From the industry side of the fence, the Bill seems to imply that all tenant fees are unfair and exploitative. While the Minister referred to unfair fees, the Bill bans all fees, whether fair or unfair. Most tenant fees recover real costs that agencies incur. I accept that some agents abuse tenants’ fees and charge for completely imaginary services and costs. That practice would be better covered by a cap on tenant fees rather than an outright ban.
What will be the consequence of a total ban on fees? The rental marketplace is very mature and efficient; every action leads to a reaction. Things vary in different parts of the country, but landlords mostly pay for the ongoing management of the property and tenant during the tenancy. The tenant fees usually cover the costs incurred at the beginning and end of the tenancy—for example, marketing costs, company viewings, creating the tenancy agreement and end of tenancy negotiations about dilapidations. All this really does cost money, which agents cannot absorb. The agency market is highly competitive and margins are very tight. Agents cannot absorb the loss of revenue caused by a ban on tenant fees, so the costs will be passed on to landlords. I have talked to a lot of agents and they are all planning to do that. Landlords will then try to recover this new cost through higher rents. I accept the argument that rents are to a large extent set by the market, but evidence from the Scottish example is not clear. Depending on who you believe, rents increased by between 0% and 5%, but I accept that it is an art, not a science.
Also, in trying to recover these extra costs, some landlords will try to trim their maintenance costs, and that will have obvious consequences for the quality of accommodation. It is very hard to quantify this but there will definitely be upward pressure on rents and downward pressure on standards. It is worth noting that this is the latest of many assaults on the viability of landlords’ business models. Gone are the days when buy to let was a lucrative alternative to saving for your pension. A few years ago, George Osborne mounted a double tax raid on landlords, the last part of which is only just coming into effect. He increased stamp duty on property purchases for landlords and others, and he scrapped—in a phased way; it is just finishing now—the tax relief on interest. That means that landlords pay tax based on revenue, not profit, unlike every other business, and so can end up paying tax even if they make a loss.
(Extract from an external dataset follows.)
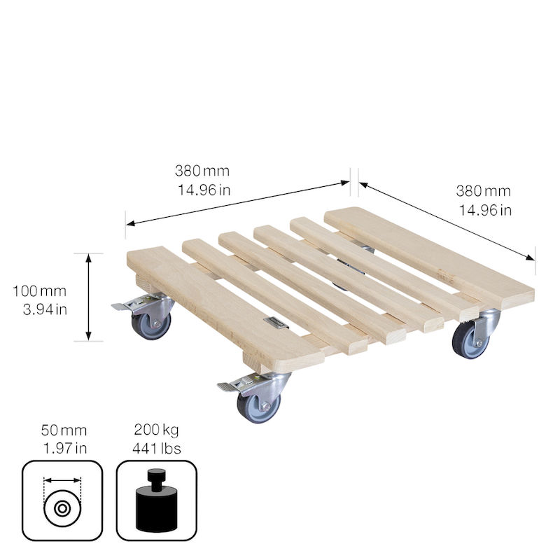 BeskrivningBlomvagn Trä Piano Wagner, lastkapacitet 200 kg, LxB 380 x 380 mm, natur

Noble Lords could not expect me to stand here and make a speech without mentioning Brexit, which is a factor in this. In the unlikely event that the Government can cobble together some sort of deal that they can get through the House of Commons, there is a risk to the housing market and to the price of houses. The Governor of the Bank of England forecast to the Cabinet that property prices could fall by 30% to 35% after Brexit, and that could mean negative equity and large-scale bankruptcies for landlords. For some landlords, taking over the costs currently covered by tenant fees might be the last of a large number of straws. Some will choose to sell, some will go out of business and new entrants will be deterred. I cannot put a figure on this but there are likely to be fewer landlords, and fewer landlords means few properties to rent, which means higher rents and less choice for tenants.
In summary, the law of unintended consequences applies here and I believe that the Bill misses the real target. Tenants will get a short-term gain but they might incur the long-term pain, currently unquantifiable, of higher rents, less availability and possibly lower property standards. I would have preferred a strict cap on tenant fees and compulsory accreditation of all letting agents at a very high standard.
Having said that, I will go along with the Bill and any Bill that improves the standards of the rental market. I and my letting agency business will make the best of it for all concerned, especially our tenants, and will try to mitigate the downsides.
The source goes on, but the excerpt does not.